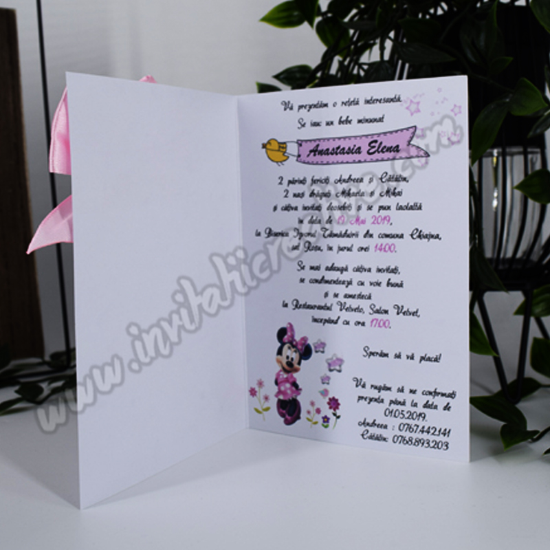 Invitatie de Botez Eleganta Minnie Mouse cu Fundita Roz si Perla
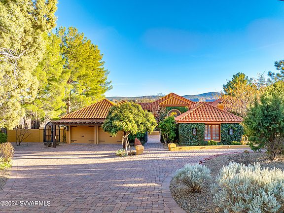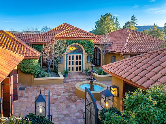 This remarkable, private, one of kind Mediterranean-inspired Villa w/pool - enjoys profound views of Oak Creek & magnificent RR Vistas. Situated on a approx. 1.5 acres & includes coveted Oak Creek frontage! Enter through the gated paver courtyard which boasts the lovely 288 sq. ft. Casita (BR suite w/BA & Kiva FP) a tiered fountain, flagstone patio, ivy covered façade to the elegant arched vestibule entry. The 3814 sq. ft. main level features refined, classic elegance -3 BR, 2 full BA, 2 half BA, spacious kitchen, DR & Study/Den & reading nook. The impressive lower level includes an add'l 2949 Sq. Ft. which includes large great rm w/ LR, DR, Kitchen, Den/Study, Large BR, Cedar Closet, Full Bath, ½ BA, workout rm, Bonus rm, the 2nd Laundry rm & Sauna. See Supplement for extensive info!! This extraordinary residence is truly one of a kind, imparting the flair of a Mediterranean villa with timeless Sedona style.
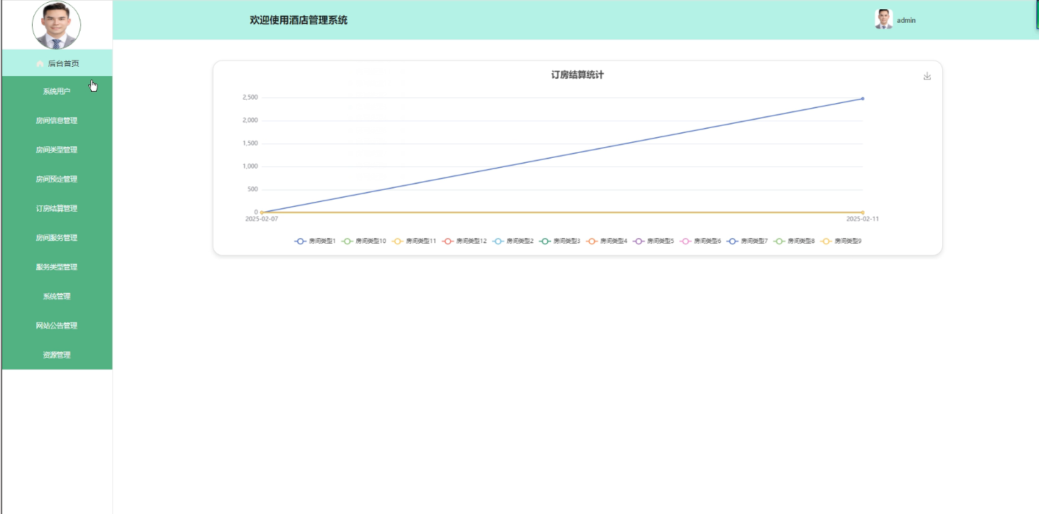 - 后台首页:展示订房结算统计信息,为管理员提供直观的数据概览,帮助其快速了解业务状况。

■ Task instructions
When you write out the material, keep every line exact and leave out each picture.

■ Response area
 Invitatie de Botez Eleganta Minnie Mouse cu Fundita Roz si Perla
 This remarkable, private, one of kind Mediterranean-inspired Villa w/pool - enjoys profound views of Oak Creek & magnificent RR Vistas. Situated on a approx. 1.5 acres & includes coveted Oak Creek frontage! Enter through the gated paver courtyard which boasts the lovely 288 sq. ft. Casita (BR suite w/BA & Kiva FP) a tiered fountain, flagstone patio, ivy covered façade to the elegant arched vestibule entry. The 3814 sq. ft. main level features refined, classic elegance -3 BR, 2 full BA, 2 half BA, spacious kitchen, DR & Study/Den & reading nook. The impressive lower level includes an add'l 2949 Sq. Ft. which includes large great rm w/ LR, DR, Kitchen, Den/Study, Large BR, Cedar Closet, Full Bath, ½ BA, workout rm, Bonus rm, the 2nd Laundry rm & Sauna. See Supplement for extensive info!! This extraordinary residence is truly one of a kind, imparting the flair of a Mediterranean villa with timeless Sedona style.
 - 后台首页:展示订房结算统计信息,为管理员提供直观的数据概览,帮助其快速了解业务状况。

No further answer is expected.